The present disclosure relates generally to medical devices, and particularly, to endoluminal prostheses, stent-grafts, or grafts with a pocket for a removable microsystem and methods for the manufacture and use of the same for repair of damaged vessels, ducts, or other physiological pathways.
Various interventions have been provided for weakened, aneurysmal, dissected or ruptured vessels, including surgical interventions and endovascular interventions. Endovascular interventions generally include inserting an endoluminal device or prosthesis such as a stent or stent graft into the damaged or diseased body lumen to provide support for the lumen, and to exclude damaged portions thereof. Such prosthetic devices are typically positioned at the point of treatment or target site by navigation through the vessel, and possibly other connected branch vessels, until the point of treatment is reached. This navigation may require the device to be able to move axially through the vessel(s) prior to deployment, while still maintaining the ability to exert an outward force on the interior wall once deployed.

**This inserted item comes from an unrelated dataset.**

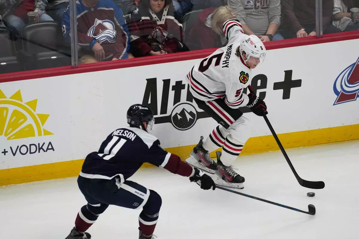 Chicago Blackhawks defenseman Connor Murphy, back, looks to pass the puck as Colorado Avalanche center Brock Nelson defends in the first period of an NHL hockey game Saturday, Feb. 28, 2026, in Denver. (AP Photo/David Zalubowski)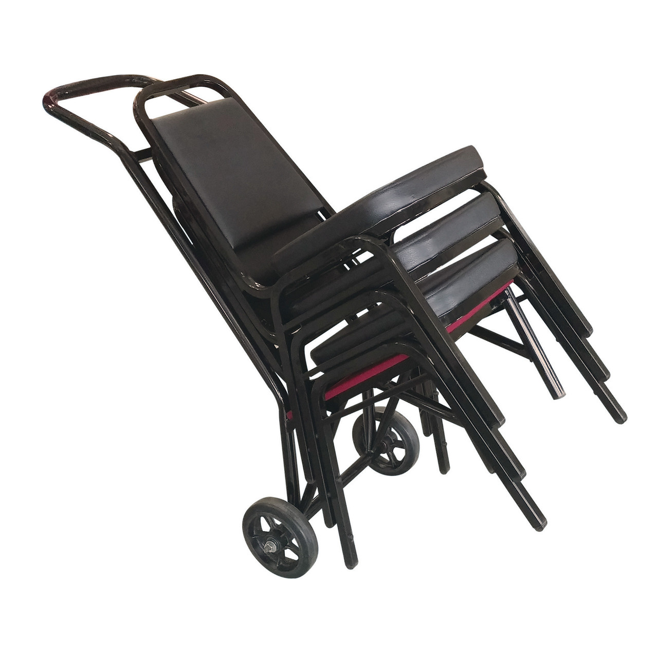 Move your stack or banquet chairs with ease by using this heavy duty dolly from Holland Bar Stool Company. This commercial grade dolly is capable of moving 12 stack chairs at a single time. All joints feature solid welds for maximum strength, and the frame is finished with a durable black powder coat. The 8” wheels have a steel rim with a hard rubber tire so they are strong yet safe on all floor types. Each wheel spins with ease thanks to the sealed ball bearing axle. Save time and, more importantly, your back, with this stack chair dolly from Holland Bar Stool!

In the field of aortic interventions, endoluminal devices are placed in vessels to address and correct diseased tissue resulting from atherosclerotic plaques, aneurysm or weakening of body vessel walls, and arterial dissection. In the case of atherosclerosis, plaque buildup results in narrowing of the vessel, which may lead to reduced or blocked blood flow within the body vessel. Endoluminal devices for atherosclerosis act to radially expand the narrowed area of the body vessel to restore normal blood flow. In the case of an aneurysm, a weakening of the body vessel wall results in ballooning of the body vessel, which can eventually lead to rupture and subsequent blood loss. In some cases, the aneurysmal sac may include plaque. Endoluminal devices for aneurysms act to seal off the weakened area of the body vessel to reduce the likelihood of the body vessel rupture. In the case of arterial dissection, a section of the innermost layer of the arterial wall is torn or damaged, allowing blood to enter false lumen divided by the flap between the inner and outer layers of the body vessel. The growth of the false lumen may eventually lead to complete occlusion of the actual artery lumen. Endoluminal devices for dissection healing would reappose the dissection flap against the body vessel wall to close it off and restore blood flow through the true lumen.
Medical imaging methods like fluoroscopy and MRI are commonly used to visualize the correct prosthesis position in vivo and to check the current status of the aneurysm, for example, to check for endoleaks. What is needed is an implantable prosthesis to collect data and monitor physiological status of the patient.